Nell'antica Cina, si usava un bastone di sterco per raccogliere il letame. La gente pensa di solito a Buddha come a qualcosa di puro, e probabilmente era dello stesso parere il monaco che fece la domanda. Unmon però andò direttamente contro quell'idea e rispose: «Un bastone di sterco secco». Nell'ascoltare, il monaco ammutolì per lo stupore. Ora, perché Unmon diede una risposta del genere? La tradizione dice che ogni risposta di Unmon ha tre funzioni, che sono note come:
1) «la scatola e il coperchio, il cielo e la terra»;
2) «interruzione del flusso delle illusioni»;
3) «le onde che seguono le onde».
La prima di esse significa che a chi chiede con il cielo, Unmon risponde con la terra, e a chi interroga con una scatola, dà la risposta con il coperchio. Ne è un buon esempio la risposta: «Un bastone di sterco secco». Al monaco. che pensa a Buddha come a qualcosa di puro, risponde con uno sporco bastone di sterco. Ma perché Unmon diede una risposta così eccentrica? Il motivo è indicato dalla frase «interruzione del flusso delle illusioni». Con la sua strana risposta, Unmon interruppe subito nel monaco il flusso delle illusioni e cercò di realizzare una completa trasformazione della sua esistenza. Ciò che stupisce maggiormente nelle parole di Unmon, a prima vista così singolari, è tuttavia il fatto che rispondano con precisione alla domanda del monaco.
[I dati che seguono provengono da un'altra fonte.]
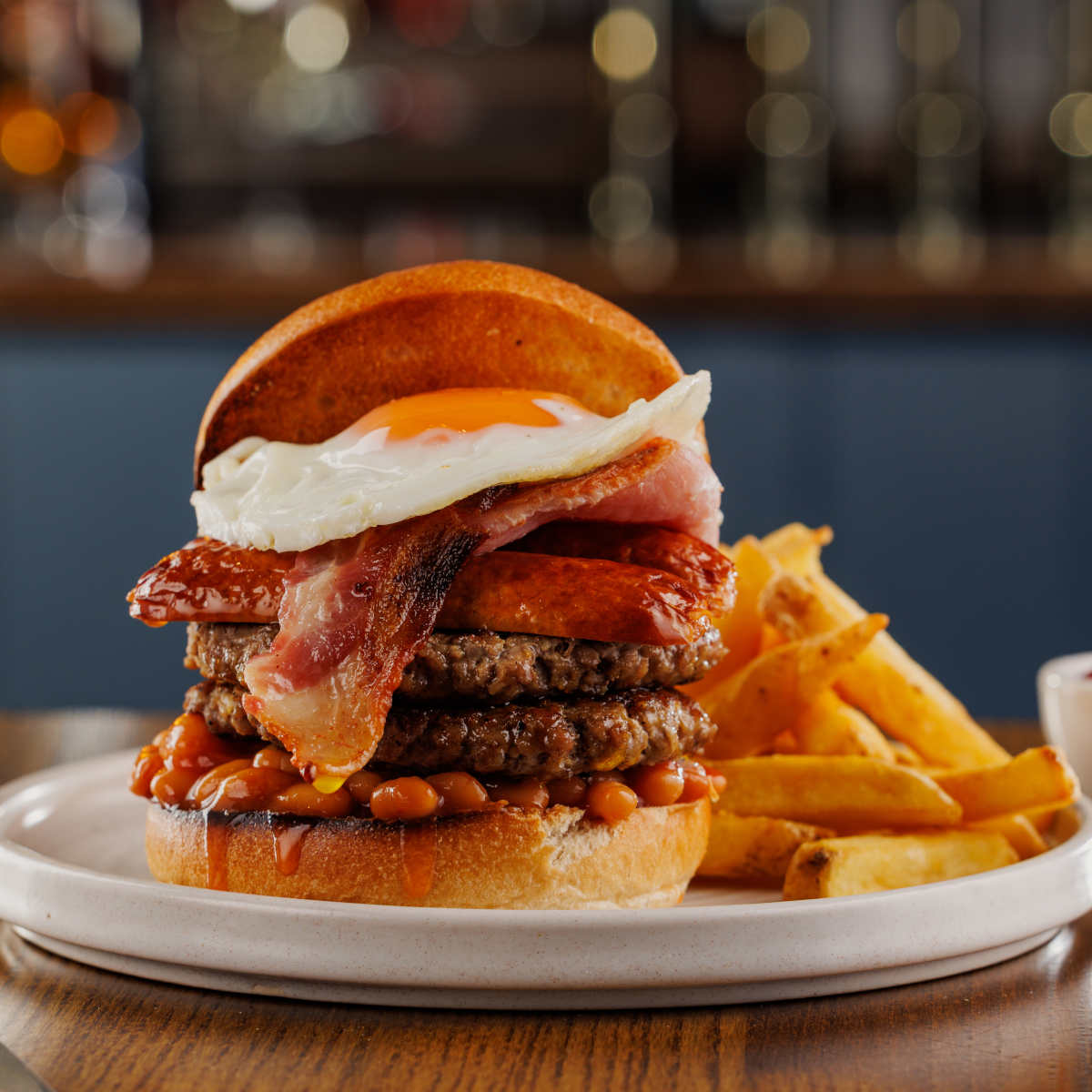 Big breakfast one, two 3oz beef patties, bacon, sausage, hash browns, free-range fried egg and baked beans | 13.49 2034 kcals

Questo è il senso della frase «le onde che seguono le onde»; come un'onda viene dopo l'altra, così alla domanda segue la risposta appropriata.
Far cessare la vita
I koan Zen spingono il discepolo a compiere una grande conversione, perché muoia alla sua mentalità e al suo sistema abituale di vita e rinasca su un nuovo piano. Per questo, un koan è insieme una spada che uccide e che dà la vita. La stessa cosa si può dire per «il bastone di sterco secco di Unmon». Se si pensa al senso di un bastone di sterco secco e si cerca di scoprire una relazione significativa tra esso e la natura-Buddha, non si risolve il koan. È inutile anche cercare di scoprire nel koan qualche senso nascosto o figurato. Completamente privo di rapporto con ciò che una persona si aspetta normalmente, il koan sta davanti al discepolo come un muro invalicabile. Con esso, si toglie al discepolo il respiro dell'io illusorio e gli si fa cambiare il precedente sistema di vita.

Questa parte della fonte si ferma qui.